Virtual classes without member attributes can be skipped in the table structure, but you won't be able to query based on those classes.

Here's what "show me all communications with just actors of type worker" looks like.

select * from comm c, worker w where c.actor=w.oid;

If you have sub-classes of communication, and you want to immediately load all the child class attributes (perhaps your system does not allow partial construction), the easiest solution is to eager join on all the possible classes.

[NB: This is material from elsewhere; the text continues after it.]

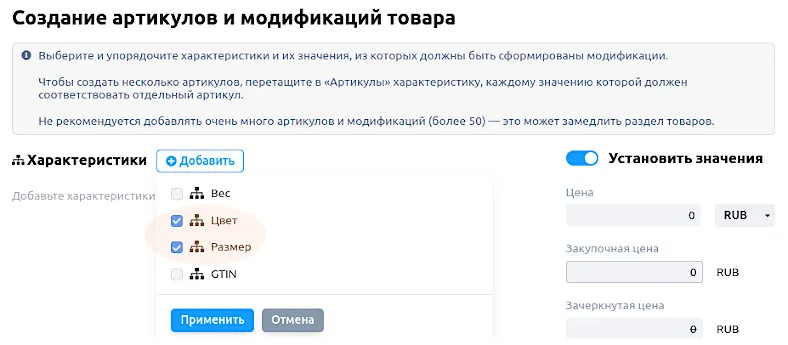 Добавьте характеристики «Размер» и «Цвет», нажмите «Применить».

select * from comm c, worker w, missive m where c.actor=w.oid and c.oid=m.oid;
select * from comm c, worker w, shoutout s where c.actor=w.oid and c.oid=s.oid;

One last thing. Make sure you have a good database and correct indexes. Performance can be a serious problem if you database can't optimize these joins.

Ken Fox
thank you for an extensive reply! I think i'm getting a hang of it - many of the responses are suggesting a similar approach of "partitioning" the primary keys using this "primary key of the child = foreign key into parent" approach. It makes a lot of sense.
Alex
http://martinfowler.com/eaaCatalog/concreteTableInheritance.html
troelskn
+1  A: 

It's probably worth your time getting familiar with Object Role Modeling as discussed in this question. The biggest problem I see is that there is no existing accepted methodology for having a conceptual design discussion about relational data. The best you can do is logical modeling (ERMs usually). Object Role Modeling provides the basis for that discussion. I hope you'll see recognizable artifacts from a similar OOP design discussion you might have.

le dorfier